心理的安全性を高める資質の使い方
メルマガで「心理的安全性を高める強みの活かし方」という記事を書きました。
そこでは述べていませんでしたが、具体的な資質の活かし方という視点で
書いてみたいと思います。
はじめに 〜押さえておきたい前提〜
はじめに、一点お断り。
「この資質があるからこれができる」というわけではありません。
該当する資質があっても十分使いこなせていない、
該当する資質はないけれど、他の資質で補っている、
資質ではなく、経験やスキルでおこなっている、
ということがあります。
資質が全てではないということも、併せてお伝えしておきます。
(この記事の根底を揺るがす感じもしますが 笑)
ただ、該当資質が上位にあると、
他の人よりも遙かにたやすくおこなえます。
以下、ブレスト的なイメージで読んでいただければと思います。
心理的安全性を生み出す4つの因子
石井遼介著「心理的安全性のつくりかた〜心理的柔軟性が困難を乗り越えるチームに変える〜」
(日本能率協会マネジメントセンター)の中では、
心理的安全性を生み出す要因として、
「話しやすさ」「助け合い」「挑戦」「新奇歓迎」の4つをあげています。
それぞれの要素を作り出す資質にどんなものがあるか、
考えてみたいと思います。
「話しやすさ」
・みんなが一つの意見にまとまろうとしたとき、それでも反対意見を言える。
・問題やリスクに気づいた瞬間、即座に声があがる。
・知らないことやわからないことを、フラットに尋ねられる。
安心して話せる雰囲気を作り出す点では、「共感性」の資質が一番かもしれません。
部下に寄り添って話を丁寧に聞き、気持ちをくみ取ってくれるので抜群の安心感があります。

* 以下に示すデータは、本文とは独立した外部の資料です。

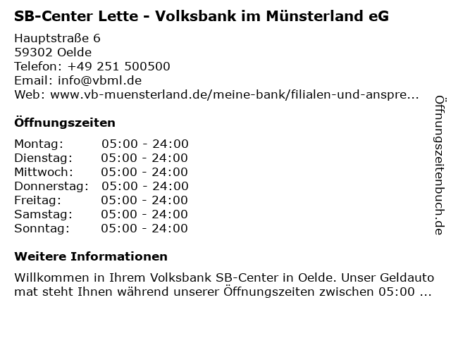 Branchen & Suchbegriffe zu SB-Center Lette - Volksbank im Münsterland eG:bank, bankgeschäfte, bargeld, center, eg, finanzlösungen, geldautomat, lette, münsterland, sb, volksbank |

「成長促進」「包含」「ポジティブ」などの人間関係資質も、
きちんと受け止めてくれるという安心感を生み出します。
逆に優しい雰囲気作りは得意ではないけれど、
何かあったらしっかり受け止めてくれる「親密性」、
または正直に意見を言い合うことを是とする文化を作り出す
「責任感」「信念」というチーム作りの方法もあるかもしれません。
ただし、やはりコミュニケーションリスクを感じさせない安心感が前提なので、
日頃の十分なコミュニケーションや関係性作りが必要です。
「助け合い」
・問題が起きたとき、人を責めるのではなく解決策を考える雰囲気がある。
・リーダーやメンバーがいつも相談に乗ってくれる。
・減点主義ではなく加点主義の雰囲気。
ナチュラルにおこなっているのは、「回復志向×人間関係資質(特に共感性)」の人。
困っている状態に一番先に気づき、声をかけ手助けしてくれます。
また、「回復志向×活発性」「回復志向×適応性」の人がいると、
すぐ動いてくれてお互い助かります。
また、「運命思考」「包含」の資質を持つ人も、快く手伝ってくれる人なので、
自然とチームで助け合う雰囲気が生まれてきます。
逆に苦手なのは、「責任感」「最上志向」「自我」の人。
ひとりで何とかしようとして、抱え込んでしまうことがあります。
「挑戦」
・チャレンジすることが損ではなく、得だと思える。
・前例や実績が無いものを取り入れる。
・多少非現実的でも、面白いと思ったらチームに共有する。
本質的にやっているのは「活発性」上位の人。
まずやってみて、そこから次の打ち手を考えます。
部下に対しても「とりあえずやってみる」ことを推奨します。
「ポジティブ」もチャレンジしやすい、させやすい資質です。
チャレンジしたことをきちんと振り返り、検証することも大事です。
そこに貢献できるのは、「内省」「分析思考」などの思考系資質。
すぐチャレンジするタイプではありませんが、
「活発性」や「ポジティブ」上位の人と組み合わせることで、
振り返り検証して、より良いものを生み出すことができます。
「新奇歓迎」
・強みや個性を発揮することを歓迎する。
・常識に囚われず、様々な視点を持ち込みことを歓迎する。
・目立つことがリスクにならない。
「最上志向」「着想」上位の人は、新しいことや前例のないことが大好き。
従来のやり方を変えることに躊躇がありません。
特に「着想」上位の人は、お互いに触発されて新しいアイデアを生み出していきます。
また「個別化」上位の人も、違いを受け入れて生かします。
4つの視点で自分の上位資質を眺めてみる
いずれも意識することで資質に関わらずおこなえますが、
上位に持つ人は既にやっていることも多いのではないでしょうか。
自分の上位資質がどのように心理的安全性のある職場づくりに活かせるのか、
考えるヒントにしていただければと思います。